*** Begin section ***

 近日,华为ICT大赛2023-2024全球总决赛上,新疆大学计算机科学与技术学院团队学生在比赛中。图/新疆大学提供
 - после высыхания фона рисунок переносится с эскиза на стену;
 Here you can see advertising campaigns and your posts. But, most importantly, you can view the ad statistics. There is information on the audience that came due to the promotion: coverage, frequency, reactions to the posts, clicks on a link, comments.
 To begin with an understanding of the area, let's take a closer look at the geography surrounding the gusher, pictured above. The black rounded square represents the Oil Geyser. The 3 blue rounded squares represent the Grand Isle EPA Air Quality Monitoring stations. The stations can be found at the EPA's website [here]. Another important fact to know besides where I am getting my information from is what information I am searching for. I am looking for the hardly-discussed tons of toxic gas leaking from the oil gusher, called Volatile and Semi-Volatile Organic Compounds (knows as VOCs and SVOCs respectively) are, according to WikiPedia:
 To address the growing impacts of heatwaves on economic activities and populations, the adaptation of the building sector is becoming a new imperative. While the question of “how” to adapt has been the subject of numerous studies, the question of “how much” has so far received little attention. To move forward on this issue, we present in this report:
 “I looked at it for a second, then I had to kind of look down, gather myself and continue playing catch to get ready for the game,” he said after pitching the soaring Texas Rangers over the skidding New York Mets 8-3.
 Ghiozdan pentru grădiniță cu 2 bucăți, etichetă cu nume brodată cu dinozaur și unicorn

*** End section ***
*** Begin section ***

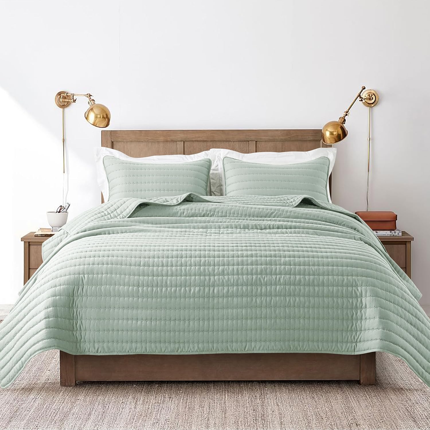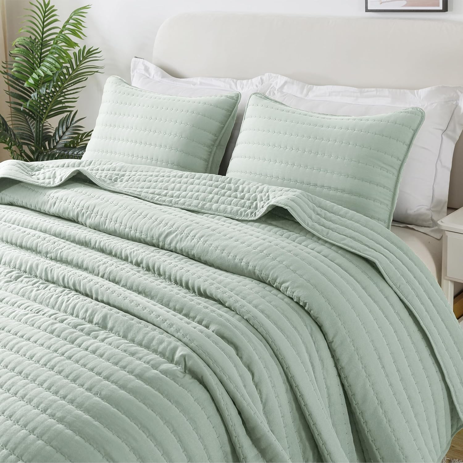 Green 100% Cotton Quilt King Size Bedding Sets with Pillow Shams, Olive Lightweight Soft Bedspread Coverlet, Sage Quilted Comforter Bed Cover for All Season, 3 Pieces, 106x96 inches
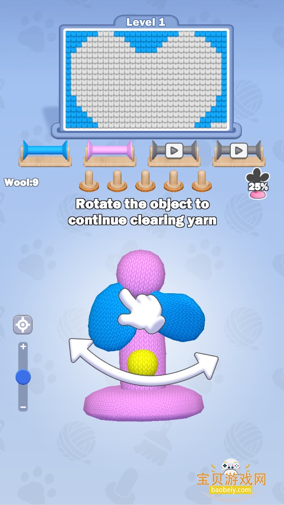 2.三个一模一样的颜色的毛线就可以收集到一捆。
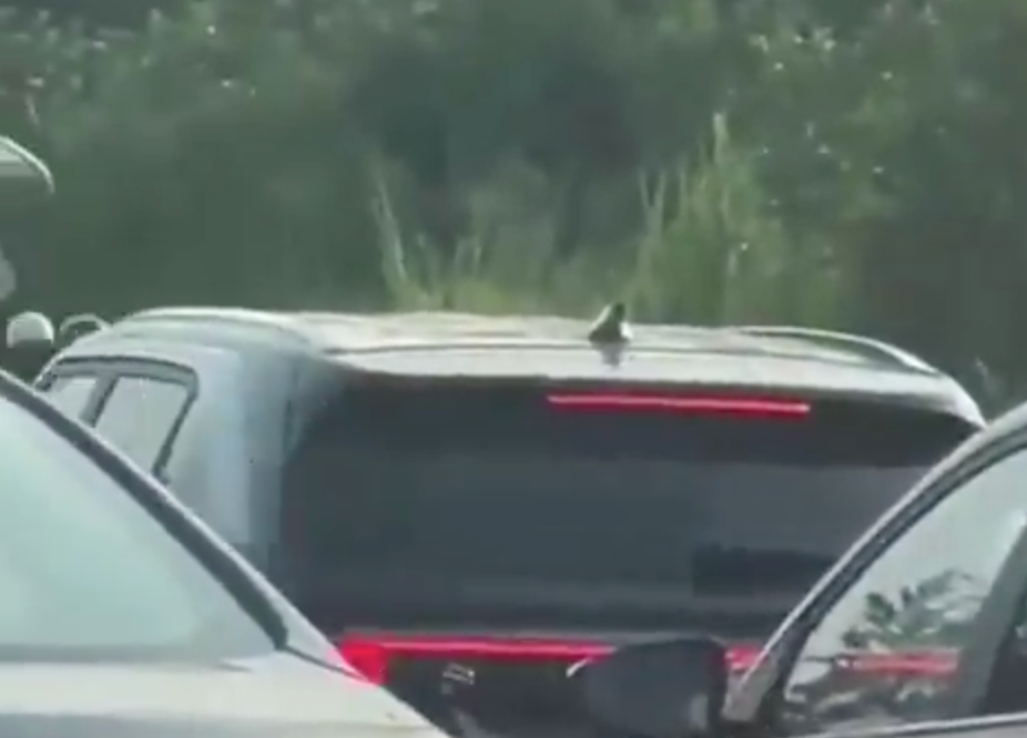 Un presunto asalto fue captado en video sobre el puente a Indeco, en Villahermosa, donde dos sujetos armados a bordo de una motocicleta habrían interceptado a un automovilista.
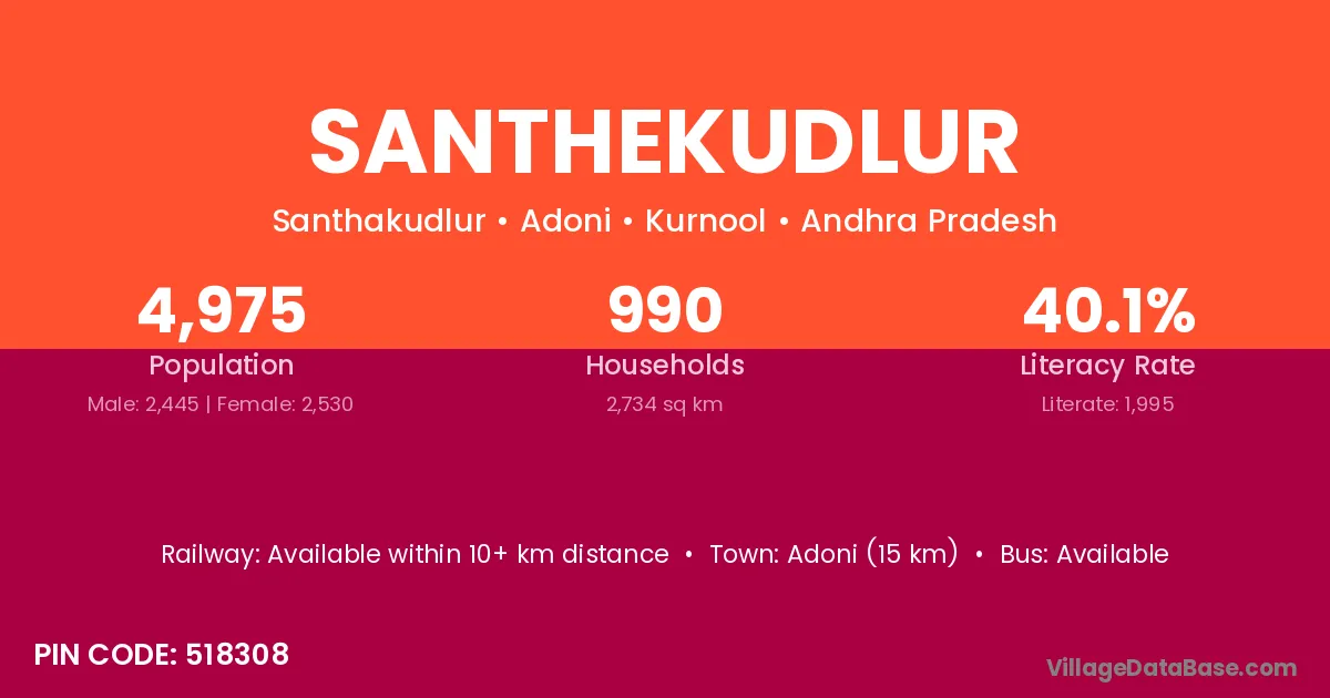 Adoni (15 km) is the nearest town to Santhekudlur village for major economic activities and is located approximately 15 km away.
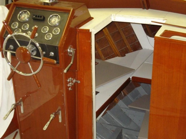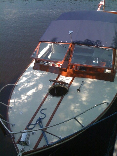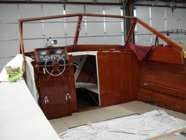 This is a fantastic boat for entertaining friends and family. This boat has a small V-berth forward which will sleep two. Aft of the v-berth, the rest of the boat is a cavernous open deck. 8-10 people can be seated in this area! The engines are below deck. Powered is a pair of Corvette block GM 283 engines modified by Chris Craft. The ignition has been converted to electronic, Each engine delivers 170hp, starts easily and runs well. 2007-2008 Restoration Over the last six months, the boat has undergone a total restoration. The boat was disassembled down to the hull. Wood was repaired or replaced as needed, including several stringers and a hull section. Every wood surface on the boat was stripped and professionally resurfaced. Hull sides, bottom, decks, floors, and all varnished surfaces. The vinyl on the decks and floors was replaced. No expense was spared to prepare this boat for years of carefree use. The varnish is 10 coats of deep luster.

*** End section ***

→ **WHAT YOU SHOULD DO**:
Output only an exact transcription of the lines above from the one with "Here you can" up to and including the one with "Ghiozdan pentru grădiniță".

→ **RESULT OF THE TASK**:
 Here you can see advertising campaigns and your posts. But, most importantly, you can view the ad statistics. There is information on the audience that came due to the promotion: coverage, frequency, reactions to the posts, clicks on a link, comments.
 To begin with an understanding of the area, let's take a closer look at the geography surrounding the gusher, pictured above. The black rounded square represents the Oil Geyser. The 3 blue rounded squares represent the Grand Isle EPA Air Quality Monitoring stations. The stations can be found at the EPA's website [here]. Another important fact to know besides where I am getting my information from is what information I am searching for. I am looking for the hardly-discussed tons of toxic gas leaking from the oil gusher, called Volatile and Semi-Volatile Organic Compounds (knows as VOCs and SVOCs respectively) are, according to WikiPedia:
 To address the growing impacts of heatwaves on economic activities and populations, the adaptation of the building sector is becoming a new imperative. While the question of “how” to adapt has been the subject of numerous studies, the question of “how much” has so far received little attention. To move forward on this issue, we present in this report:
 “I looked at it for a second, then I had to kind of look down, gather myself and continue playing catch to get ready for the game,” he said after pitching the soaring Texas Rangers over the skidding New York Mets 8-3.
 Ghiozdan pentru grădiniță cu 2 bucăți, etichetă cu nume brodată cu dinozaur și unicorn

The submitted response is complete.